Material for this exercise:
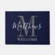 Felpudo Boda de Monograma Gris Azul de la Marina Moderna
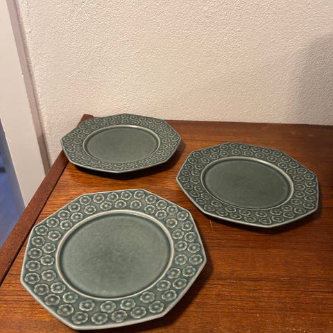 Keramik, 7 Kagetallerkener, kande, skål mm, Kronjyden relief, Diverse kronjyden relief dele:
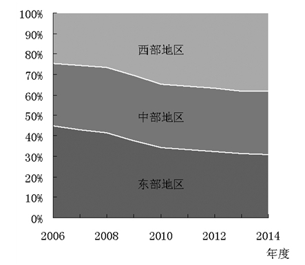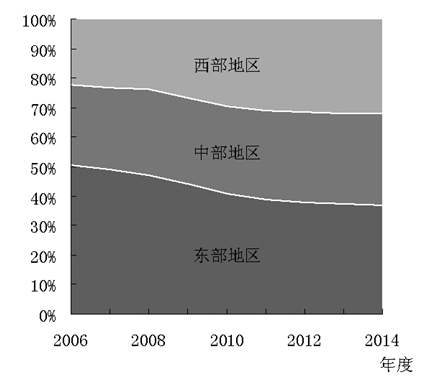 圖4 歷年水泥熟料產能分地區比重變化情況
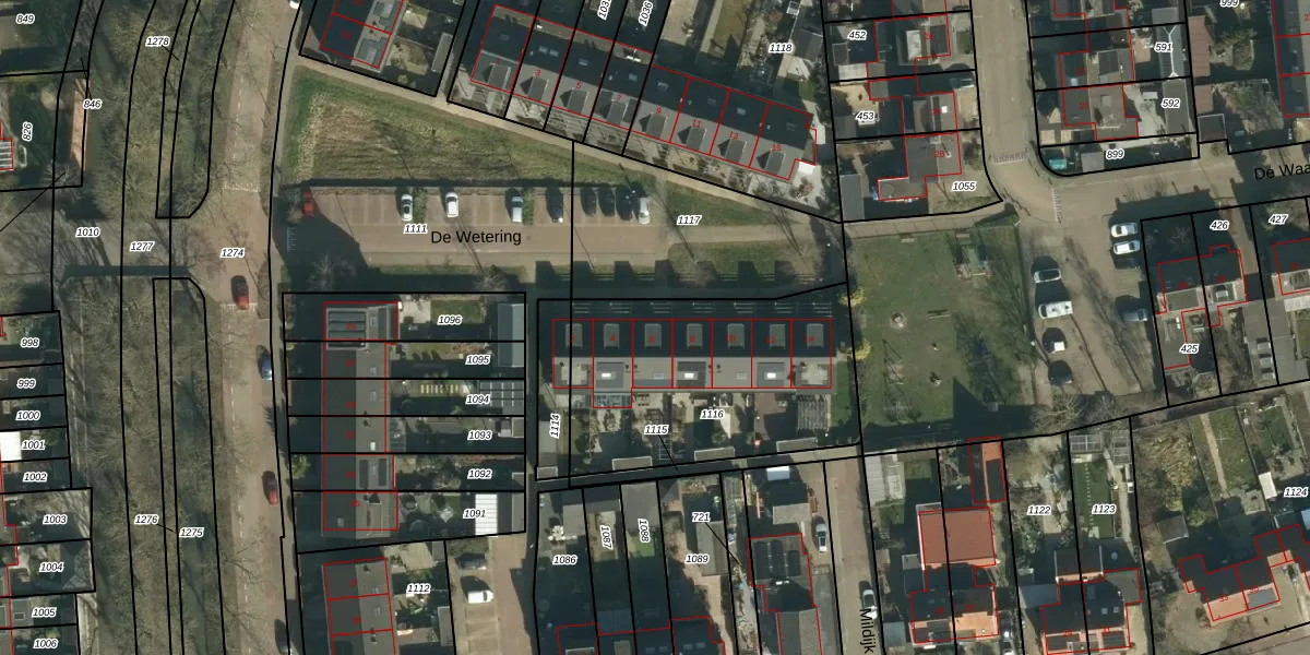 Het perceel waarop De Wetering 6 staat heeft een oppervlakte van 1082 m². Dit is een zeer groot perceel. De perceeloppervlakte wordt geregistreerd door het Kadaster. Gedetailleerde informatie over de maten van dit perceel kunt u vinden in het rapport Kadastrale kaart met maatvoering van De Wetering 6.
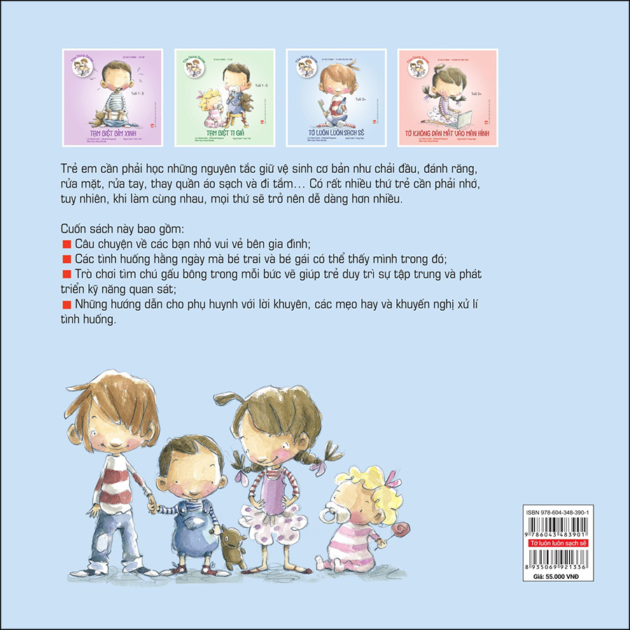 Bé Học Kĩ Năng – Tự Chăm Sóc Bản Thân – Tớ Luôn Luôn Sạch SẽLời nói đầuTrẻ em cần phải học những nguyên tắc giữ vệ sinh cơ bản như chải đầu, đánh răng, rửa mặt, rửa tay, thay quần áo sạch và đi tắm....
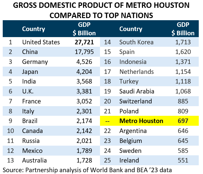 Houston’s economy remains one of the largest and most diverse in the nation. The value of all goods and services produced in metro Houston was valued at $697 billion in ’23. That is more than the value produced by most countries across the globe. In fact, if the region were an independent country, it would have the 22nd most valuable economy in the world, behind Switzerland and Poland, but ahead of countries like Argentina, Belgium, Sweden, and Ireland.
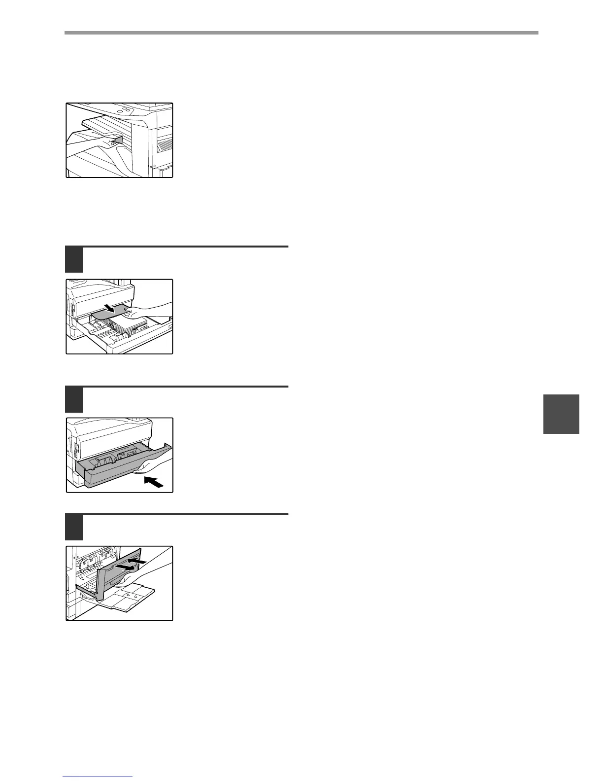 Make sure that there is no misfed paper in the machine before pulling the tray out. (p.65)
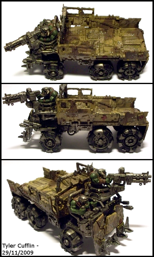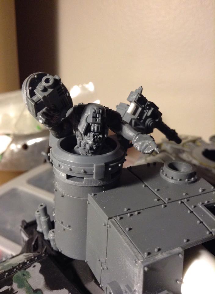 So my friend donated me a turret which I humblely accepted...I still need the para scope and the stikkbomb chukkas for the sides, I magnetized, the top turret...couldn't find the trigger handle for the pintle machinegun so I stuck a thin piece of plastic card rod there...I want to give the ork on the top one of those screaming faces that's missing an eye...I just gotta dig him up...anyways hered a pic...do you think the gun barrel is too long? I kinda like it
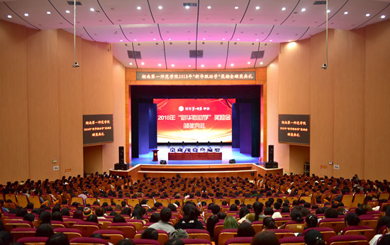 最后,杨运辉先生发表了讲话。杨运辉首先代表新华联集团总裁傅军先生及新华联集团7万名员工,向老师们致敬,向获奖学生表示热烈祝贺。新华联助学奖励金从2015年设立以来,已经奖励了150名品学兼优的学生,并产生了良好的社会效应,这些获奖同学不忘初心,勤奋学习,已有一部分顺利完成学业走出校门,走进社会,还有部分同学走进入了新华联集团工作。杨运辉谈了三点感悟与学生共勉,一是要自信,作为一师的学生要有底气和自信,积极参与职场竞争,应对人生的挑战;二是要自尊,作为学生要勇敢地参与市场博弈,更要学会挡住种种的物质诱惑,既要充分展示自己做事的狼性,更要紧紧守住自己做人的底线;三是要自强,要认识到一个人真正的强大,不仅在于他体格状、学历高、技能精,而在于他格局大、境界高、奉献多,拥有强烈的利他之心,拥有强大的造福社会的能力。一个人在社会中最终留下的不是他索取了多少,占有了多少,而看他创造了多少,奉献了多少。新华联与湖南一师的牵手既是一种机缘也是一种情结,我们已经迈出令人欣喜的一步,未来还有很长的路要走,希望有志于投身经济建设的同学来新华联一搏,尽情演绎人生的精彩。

---

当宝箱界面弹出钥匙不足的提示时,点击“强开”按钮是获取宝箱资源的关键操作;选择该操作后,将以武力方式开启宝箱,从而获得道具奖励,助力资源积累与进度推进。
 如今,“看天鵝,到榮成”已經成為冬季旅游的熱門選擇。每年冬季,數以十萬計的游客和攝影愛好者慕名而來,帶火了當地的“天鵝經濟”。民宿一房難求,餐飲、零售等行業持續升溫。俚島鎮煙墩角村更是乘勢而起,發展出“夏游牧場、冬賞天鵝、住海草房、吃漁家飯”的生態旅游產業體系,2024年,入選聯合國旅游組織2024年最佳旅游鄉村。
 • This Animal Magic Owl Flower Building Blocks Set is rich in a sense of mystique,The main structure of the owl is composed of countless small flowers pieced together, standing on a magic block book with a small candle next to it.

Task goal: Nothing but the lines above from the one that has "Felpudo Boda de" down to the one that has "圖4 歷年水泥熟料產能分地區比重變化情況" belongs in the answer, copied exactly, without pictures.

Written solution:
 Felpudo Boda de Monograma Gris Azul de la Marina Moderna
 Keramik, 7 Kagetallerkener, kande, skål mm, Kronjyden relief, Diverse kronjyden relief dele:
 圖4 歷年水泥熟料產能分地區比重變化情況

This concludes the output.